PROBLEM TO WORK ON: Wherever a picture appears, skip it and retype the rest of the data exactly.

SUPPLIED DATA:
┄┄┄┄┄┄┄┄┄┄
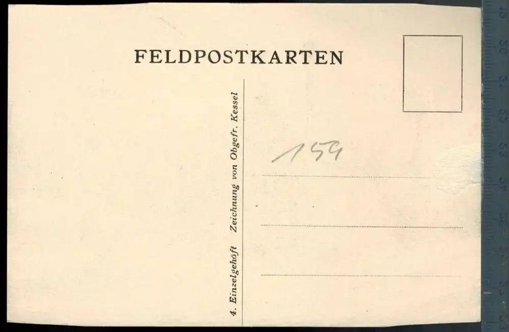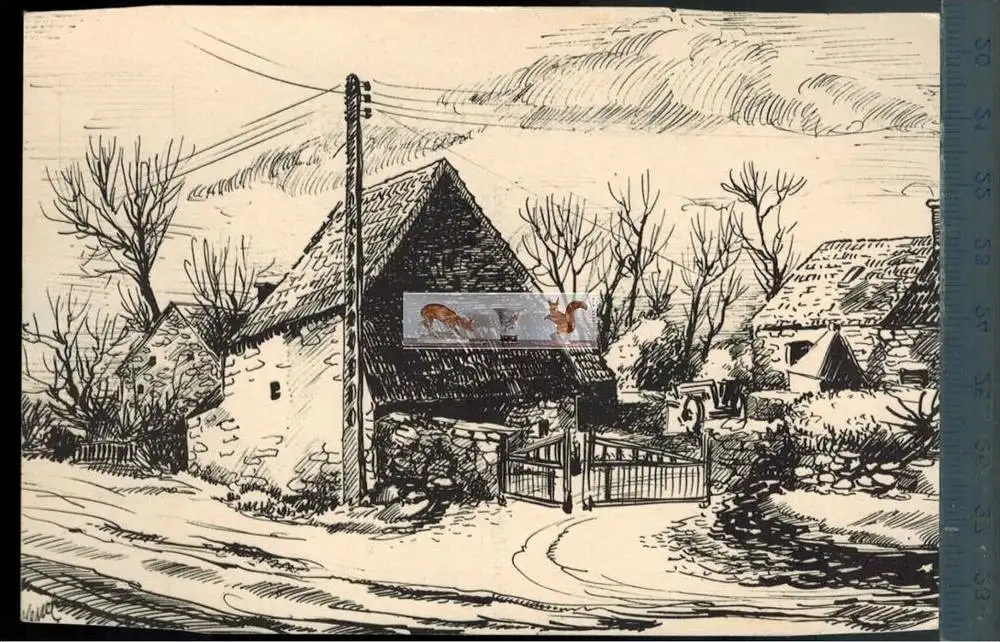 Einzelgehöft, Zeichnung von Obgefr. Kessel -- Verlag: ----------------, POSTKARTE, Erhaltung: I-II, unbenutzt, Karte wird in Klarsichthülle verschickt.
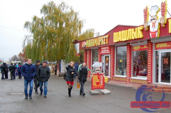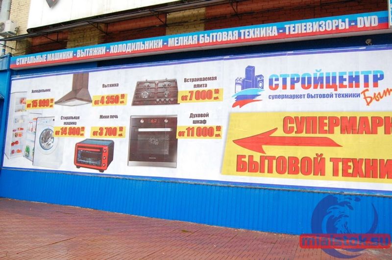 По улице Оборонной магазин «Стройцентр». Как утверждает реклама, самые выгодные цены на бытовую технику в ЛНР
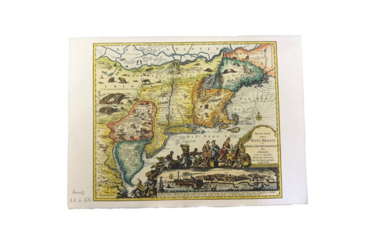 Mappa Antica “America Septentrionalis – Totus Novi Belgii” con Fauna Illustrata – Carta 100% Cotone, Tiratura Limitata
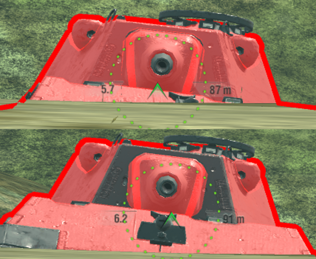 When hulldown, the E 50 M will bounce most shots, but there are weakpoints enemies could hit, and those are the turret face left and right of the gun. You can move the tank slightly to throw off the enemies’ aim, and they may accidentally hit the gun mantlet or turret cheeks, both of which are stronger than the flat turret face.
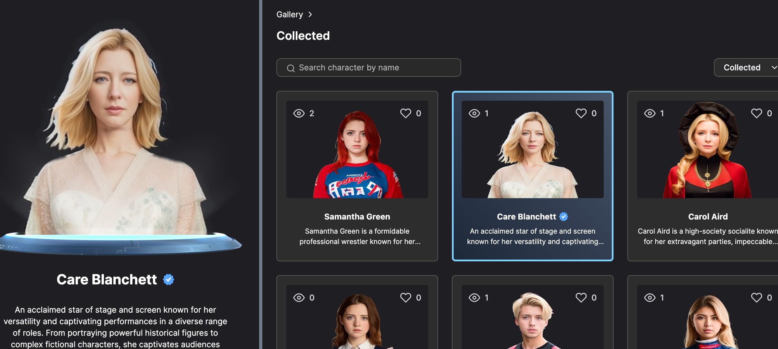 Character AI社区中的角色之一:基于演员凯特·布拉切特的AI虚拟角色
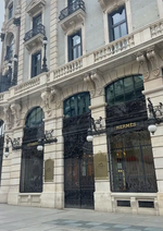 Dit schilderij toont een stijlvol gebouw met prachtig smeedwerk, waarop het gouden Hermes-logo schittert. Het straalt een tijdloze elegantie uit, perfect voor een luxe vibe.
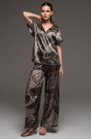 Aisha 4316. Домашний пижамный комплект Mia-Amore состоит из топа свободного силуэта с коротким рукавом и широких брюк-палаццо, создавая стильный и удобный образ для дома. Изделия комплекта выполнены из комбинации принтованного и однотонного смесового шелка, что придает комплекту особый шарм и изысканность.
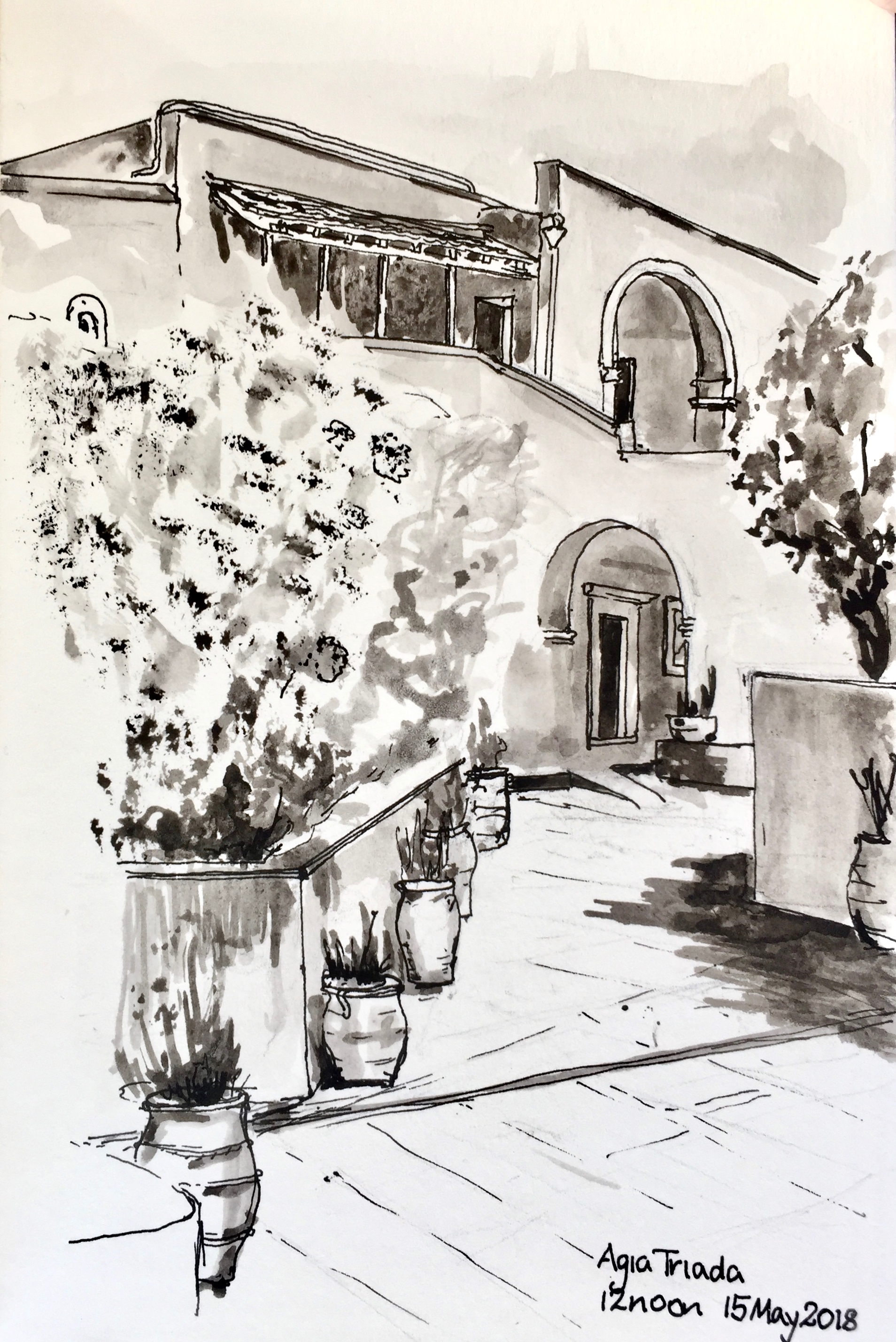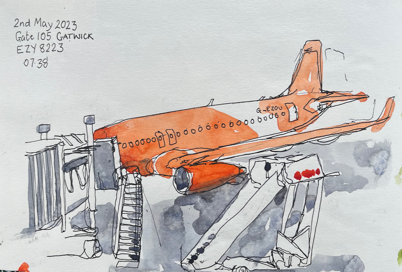 The air in Crete was warm and damp. This affected the paper. See how the ink has spread in this pen and ink sketch at the airport:
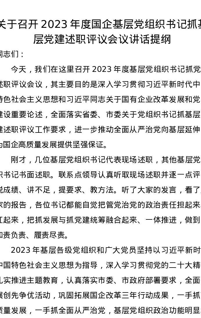 关于召开2023年度国企基层党组织书记抓基层党建述职评议会议讲话提纲
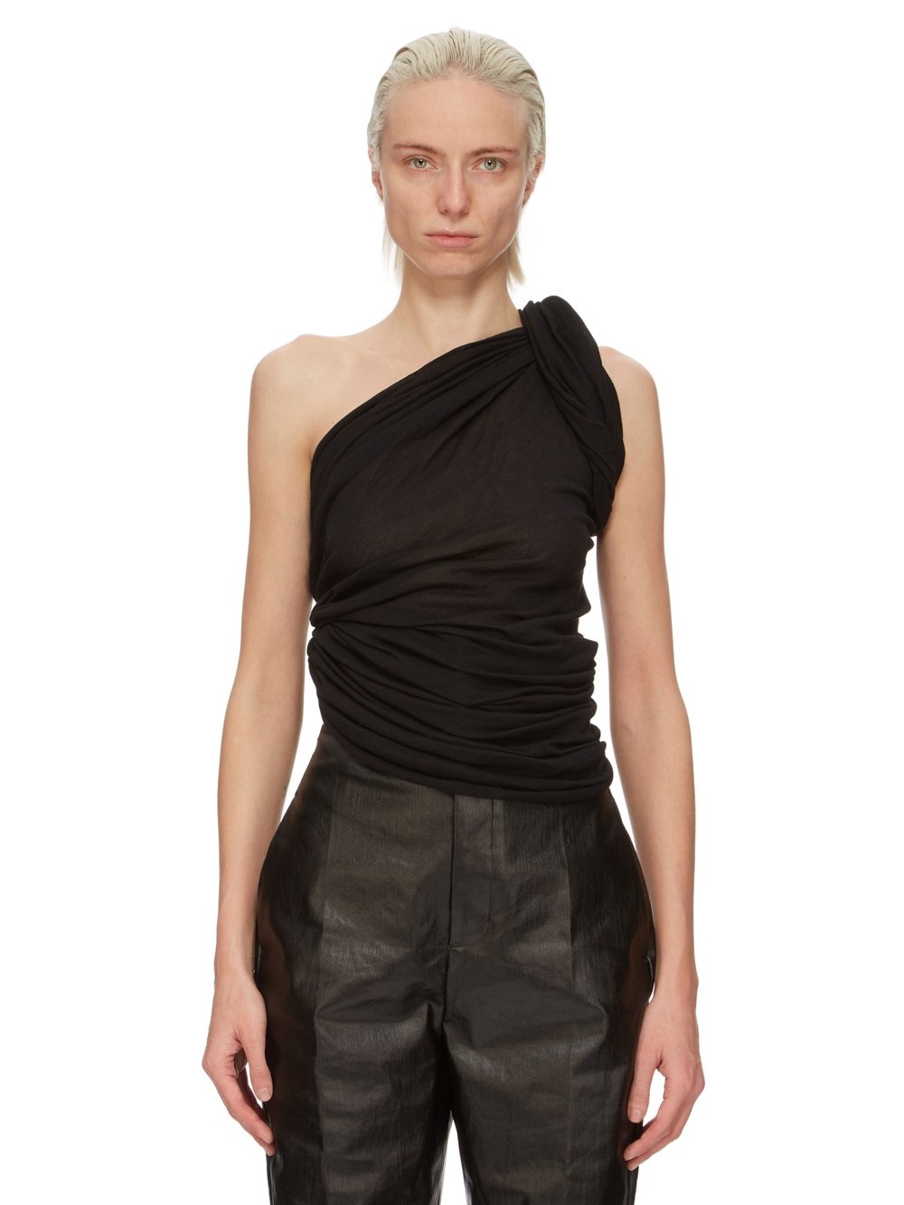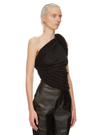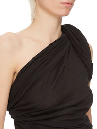 RICK OWENS FW24 PORTERVILLE TWIST T IN BLACK UNSTABLE COTTON THIS TWIST T IS WAIST LENGTH AND SLEEVELESS. IT HAS A TIGHT FITTING BODY, WITH DRAPING GATHERING INTO AN ASYMMETRICAL RIGHT SHOULDER AND TWISTING AROUND TO CIRCLE THE RIGHT ARM THIS LIGHTWEIGHT COTTON JERSEY IS SEMI-TRANSPARENT WITH A SOFT HANDFEEL. THIS JERSEY IS MADE USING GOTS CERTIFIED ORGANIC COTTON WHICH MEANS THE NATURAL FIBER IS GROWN WITHOUT HARMFUL CHEMICALS, LEAVING OUR SOIL, AIR AND WATER CLEANER FROM CONTAMINATES. WE STRIVE TO KEEP OUR PRODUCTION AS LOCAL AS POSSIBLE. THE FULL MANUFACTURING CYCLE OF THIS PRODUCT, FROM THE MATERIAL KNITTING TO SEWING AND FINISHING, WAS UNDERTAKEN CLOSE TO OUR HOME BASE IN CONCORDIA, ITALY - COLOR: BLACK - MATERIAL: 100% COTTON - MODEL IS 181CM TALL - MODEL WEARS SIZE 40
┄┄┄┄┄┄┄┄┄┄
SOLVED PROBLEM:
 Einzelgehöft, Zeichnung von Obgefr. Kessel -- Verlag: ----------------, POSTKARTE, Erhaltung: I-II, unbenutzt, Karte wird in Klarsichthülle verschickt.
 По улице Оборонной магазин «Стройцентр». Как утверждает реклама, самые выгодные цены на бытовую технику в ЛНР
 Mappa Antica “America Septentrionalis – Totus Novi Belgii” con Fauna Illustrata – Carta 100% Cotone, Tiratura Limitata
 When hulldown, the E 50 M will bounce most shots, but there are weakpoints enemies could hit, and those are the turret face left and right of the gun. You can move the tank slightly to throw off the enemies’ aim, and they may accidentally hit the gun mantlet or turret cheeks, both of which are stronger than the flat turret face.
 Character AI社区中的角色之一:基于演员凯特·布拉切特的AI虚拟角色
 Dit schilderij toont een stijlvol gebouw met prachtig smeedwerk, waarop het gouden Hermes-logo schittert. Het straalt een tijdloze elegantie uit, perfect voor een luxe vibe.
 Aisha 4316. Домашний пижамный комплект Mia-Amore состоит из топа свободного силуэта с коротким рукавом и широких брюк-палаццо, создавая стильный и удобный образ для дома. Изделия комплекта выполнены из комбинации принтованного и однотонного смесового шелка, что придает комплекту особый шарм и изысканность.
 The air in Crete was warm and damp. This affected the paper. See how the ink has spread in this pen and ink sketch at the airport:
 关于召开2023年度国企基层党组织书记抓基层党建述职评议会议讲话提纲
 RICK OWENS FW24 PORTERVILLE TWIST T IN BLACK UNSTABLE COTTON THIS TWIST T IS WAIST LENGTH AND SLEEVELESS. IT HAS A TIGHT FITTING BODY, WITH DRAPING GATHERING INTO AN ASYMMETRICAL RIGHT SHOULDER AND TWISTING AROUND TO CIRCLE THE RIGHT ARM THIS LIGHTWEIGHT COTTON JERSEY IS SEMI-TRANSPARENT WITH A SOFT HANDFEEL. THIS JERSEY IS MADE USING GOTS CERTIFIED ORGANIC COTTON WHICH MEANS THE NATURAL FIBER IS GROWN WITHOUT HARMFUL CHEMICALS, LEAVING OUR SOIL, AIR AND WATER CLEANER FROM CONTAMINATES. WE STRIVE TO KEEP OUR PRODUCTION AS LOCAL AS POSSIBLE. THE FULL MANUFACTURING CYCLE OF THIS PRODUCT, FROM THE MATERIAL KNITTING TO SEWING AND FINISHING, WAS UNDERTAKEN CLOSE TO OUR HOME BASE IN CONCORDIA, ITALY - COLOR: BLACK - MATERIAL: 100% COTTON - MODEL IS 181CM TALL - MODEL WEARS SIZE 40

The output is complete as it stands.